Source data:

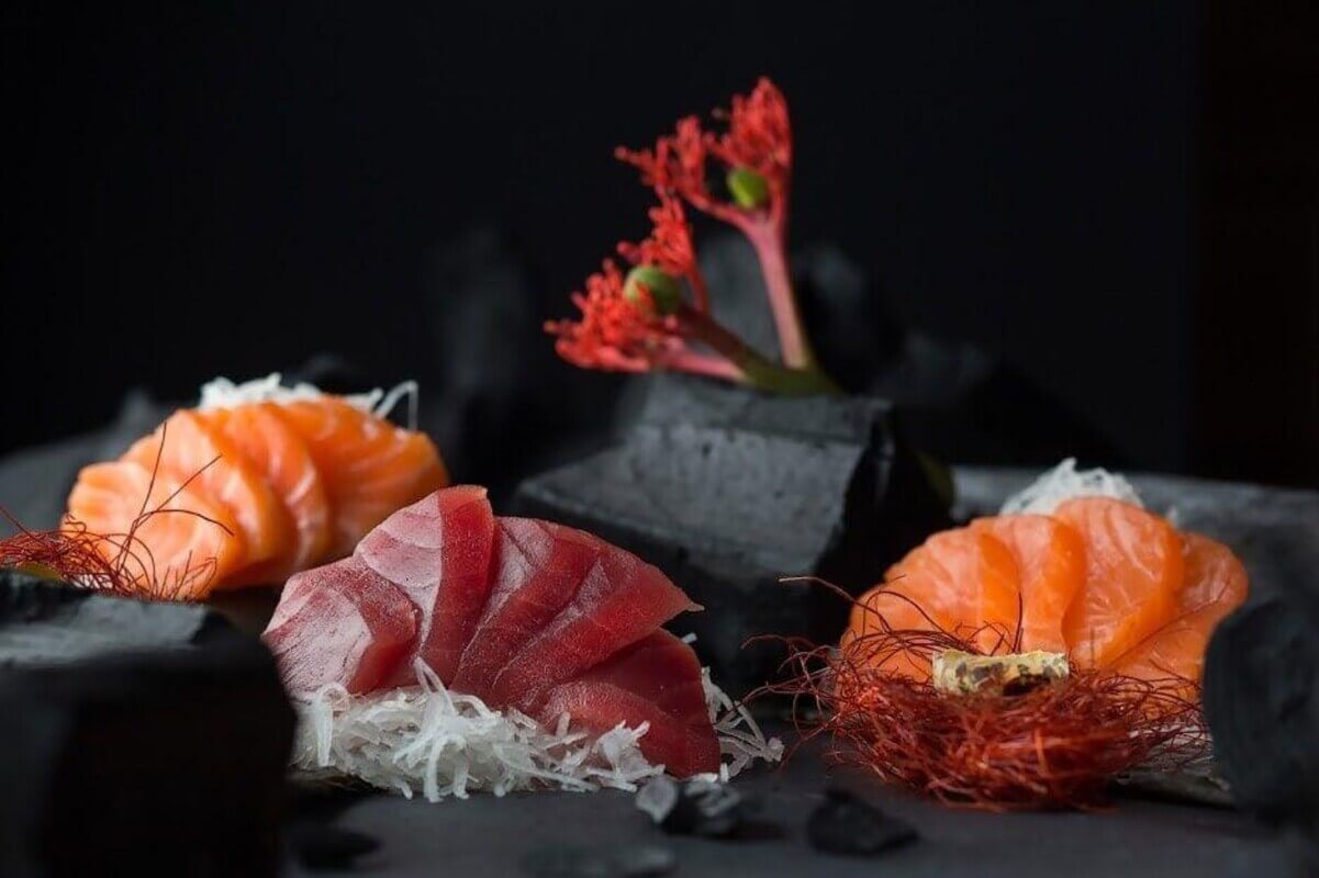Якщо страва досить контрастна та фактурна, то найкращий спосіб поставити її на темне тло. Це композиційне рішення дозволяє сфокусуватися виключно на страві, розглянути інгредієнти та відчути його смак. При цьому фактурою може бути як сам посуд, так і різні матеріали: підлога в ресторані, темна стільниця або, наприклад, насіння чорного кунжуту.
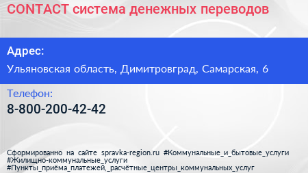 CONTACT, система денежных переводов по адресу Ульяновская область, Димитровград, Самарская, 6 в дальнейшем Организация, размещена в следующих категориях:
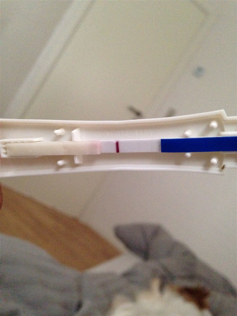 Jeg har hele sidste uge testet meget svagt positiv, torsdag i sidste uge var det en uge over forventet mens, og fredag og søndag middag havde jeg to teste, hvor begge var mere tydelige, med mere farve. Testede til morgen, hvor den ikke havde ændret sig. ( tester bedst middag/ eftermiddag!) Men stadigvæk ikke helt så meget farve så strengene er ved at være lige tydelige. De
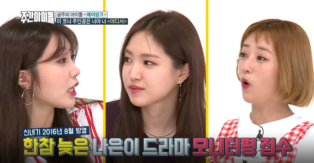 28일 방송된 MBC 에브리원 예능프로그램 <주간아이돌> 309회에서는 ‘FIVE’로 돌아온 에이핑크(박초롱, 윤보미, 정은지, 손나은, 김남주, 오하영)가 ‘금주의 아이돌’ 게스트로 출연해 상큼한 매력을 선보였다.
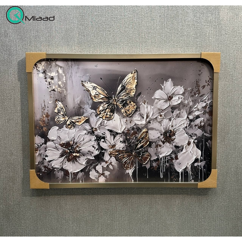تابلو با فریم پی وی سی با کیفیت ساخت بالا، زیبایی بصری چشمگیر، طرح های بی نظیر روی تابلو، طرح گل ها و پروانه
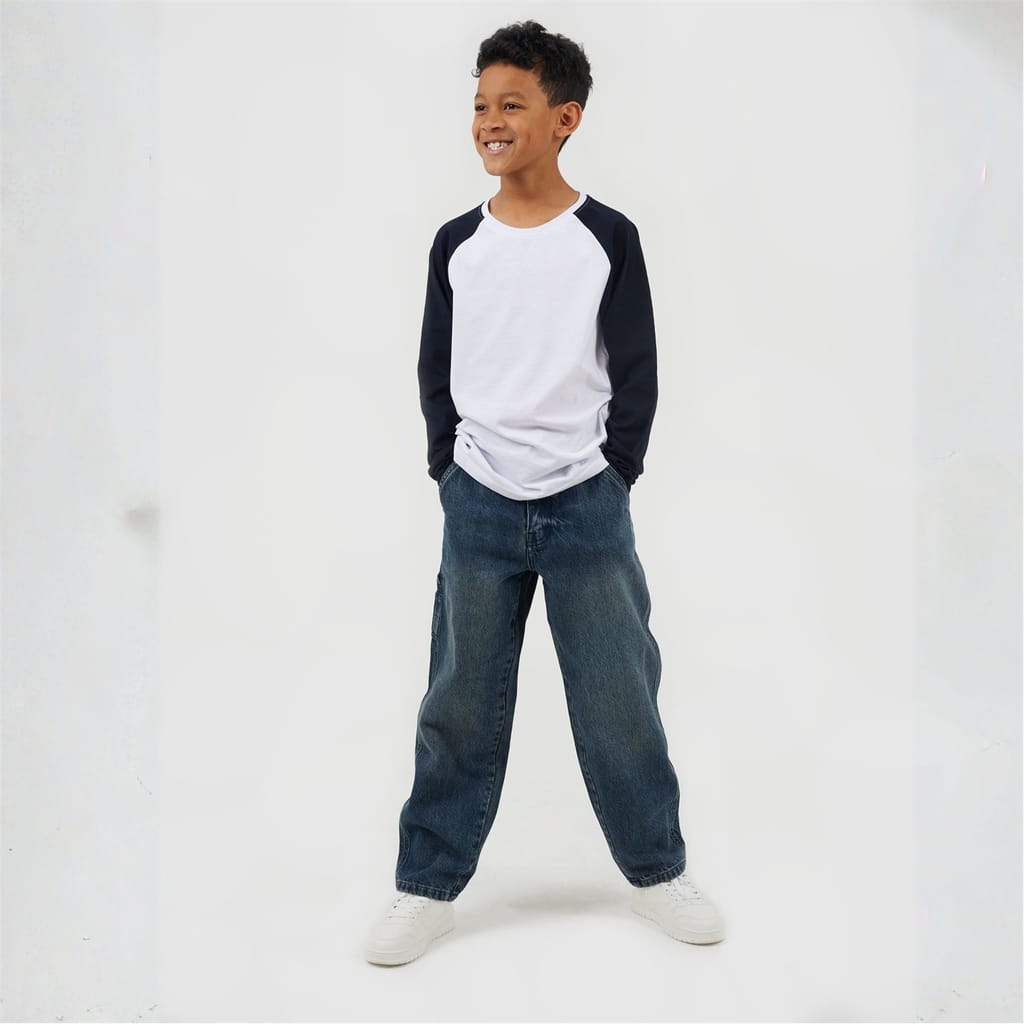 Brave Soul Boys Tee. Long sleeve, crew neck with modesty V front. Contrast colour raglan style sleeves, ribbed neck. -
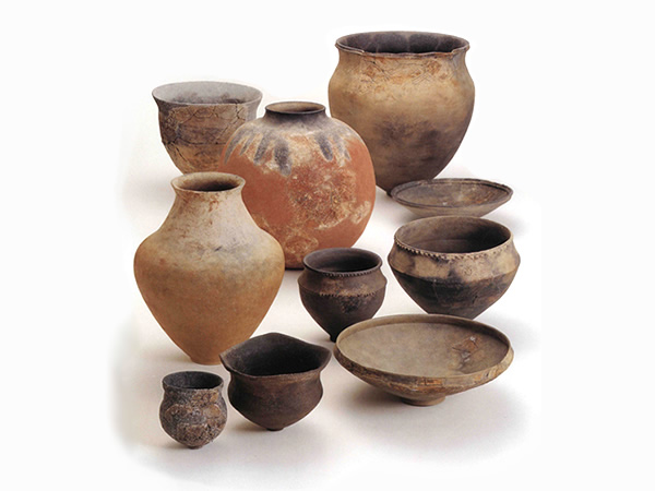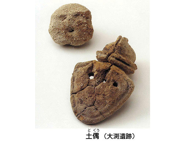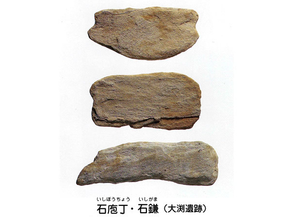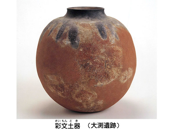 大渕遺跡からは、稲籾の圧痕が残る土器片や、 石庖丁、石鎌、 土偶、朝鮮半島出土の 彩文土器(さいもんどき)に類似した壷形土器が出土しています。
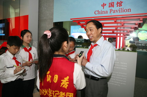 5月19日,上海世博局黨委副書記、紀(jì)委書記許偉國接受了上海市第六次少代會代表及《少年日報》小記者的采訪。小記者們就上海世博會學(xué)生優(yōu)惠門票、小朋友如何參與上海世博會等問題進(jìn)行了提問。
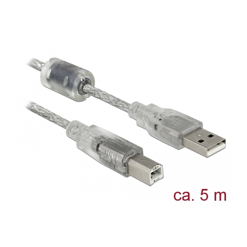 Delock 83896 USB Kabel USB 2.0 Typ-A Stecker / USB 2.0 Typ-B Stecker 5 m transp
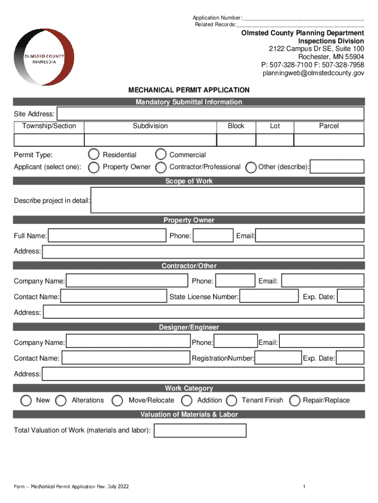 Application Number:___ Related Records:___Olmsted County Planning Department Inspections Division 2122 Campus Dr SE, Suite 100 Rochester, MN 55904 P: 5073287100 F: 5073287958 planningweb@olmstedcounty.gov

### EXERCISE AIM
Once the line with "CONTACT, система денежных" has been found above, output that line and every later line exactly, stopping after the line with "28일 방송된 MBC", and omit the pictures.

### SOLUTION TO THIS PROBLEM
 CONTACT, система денежных переводов по адресу Ульяновская область, Димитровград, Самарская, 6 в дальнейшем Организация, размещена в следующих категориях:
 Jeg har hele sidste uge testet meget svagt positiv, torsdag i sidste uge var det en uge over forventet mens, og fredag og søndag middag havde jeg to teste, hvor begge var mere tydelige, med mere farve. Testede til morgen, hvor den ikke havde ændret sig. ( tester bedst middag/ eftermiddag!) Men stadigvæk ikke helt så meget farve så strengene er ved at være lige tydelige. De
 28일 방송된 MBC 에브리원 예능프로그램 <주간아이돌> 309회에서는 ‘FIVE’로 돌아온 에이핑크(박초롱, 윤보미, 정은지, 손나은, 김남주, 오하영)가 ‘금주의 아이돌’ 게스트로 출연해 상큼한 매력을 선보였다.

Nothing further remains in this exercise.